Data items
####

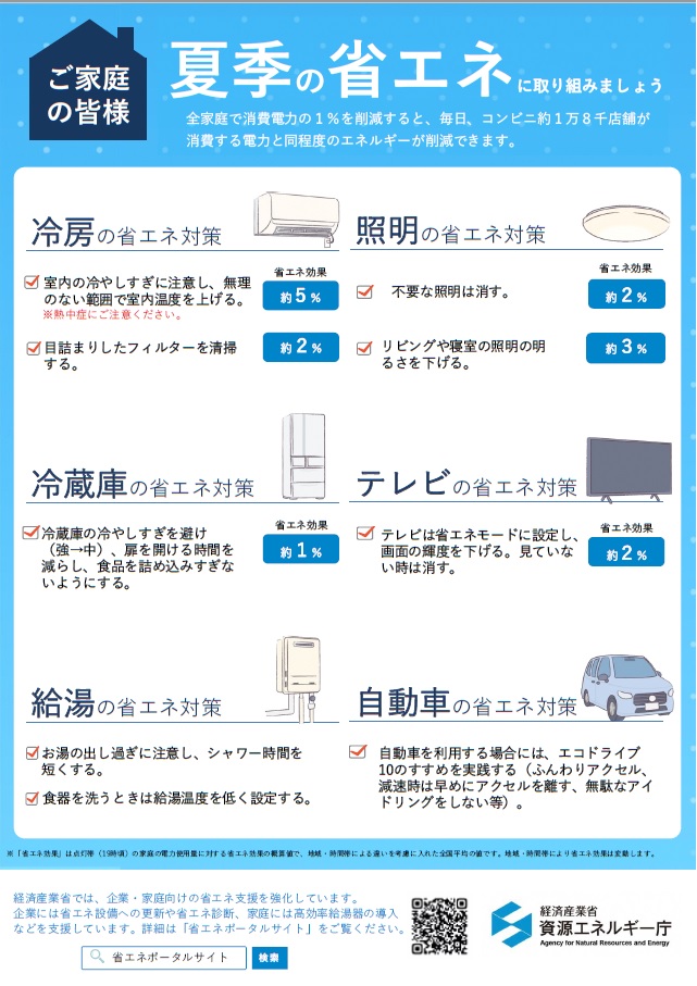 熱中症に注意しつつ、無理のない範囲で省エネに取り組みましょう。
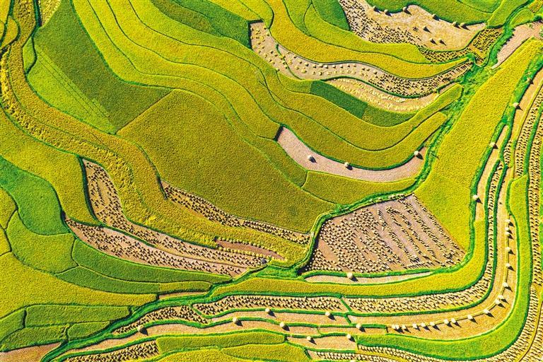 ⑤9月4日,贵州省黔西市锦星镇洪湖村,村民在收割稻谷。
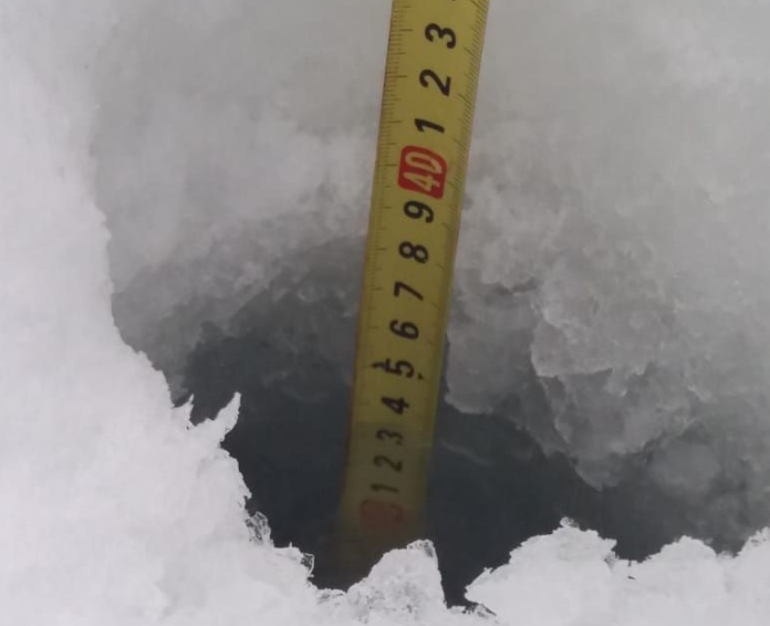 В Подольском ТУ ГКУ МО «Мособлпожспас» сообщили, что по результатам промеров, проведенных 19 февраля, толщина льда на реке Пахре составила 40 см. Напомним, что замеры производятся ежедневно в рамках месячника «Тонкий лед».
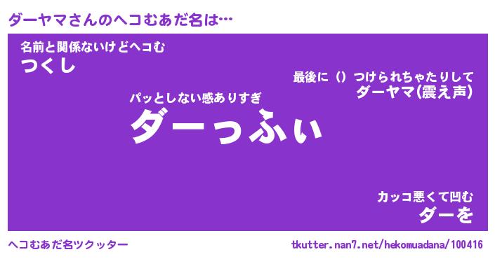 | ファンタジー風あだ名 | 『ダーフェル』『エターナルダーヤマー』 |
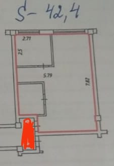 Общая площадь 42.4 м2
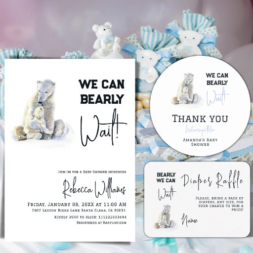 Watercolor Polar Bear Mommy with little bear and all bear family together in the back side and calligraphy script phrase "We can Bearly Wait!" in white and black colors. Great theme ideas for the Gender Neutral Baby Shower Party. Easy to personalize with your text. Matching items and other winter baby shower decor with this design you can find at Polar Bear collection in my shop PatternDigitPics. If you have some special request, feel free to send me e-mail to: t.dyomushkina@gmail.com

####

- _ACTIVITY_: Print exactly the lines running from the start of the entries above to the line with "В Подольском ТУ", both included; leave out any pictures.

- _RESULT OF THE EXERCISE_:
 熱中症に注意しつつ、無理のない範囲で省エネに取り組みましょう。
 ⑤9月4日,贵州省黔西市锦星镇洪湖村,村民在收割稻谷。
 В Подольском ТУ ГКУ МО «Мособлпожспас» сообщили, что по результатам промеров, проведенных 19 февраля, толщина льда на реке Пахре составила 40 см. Напомним, что замеры производятся ежедневно в рамках месячника «Тонкий лед».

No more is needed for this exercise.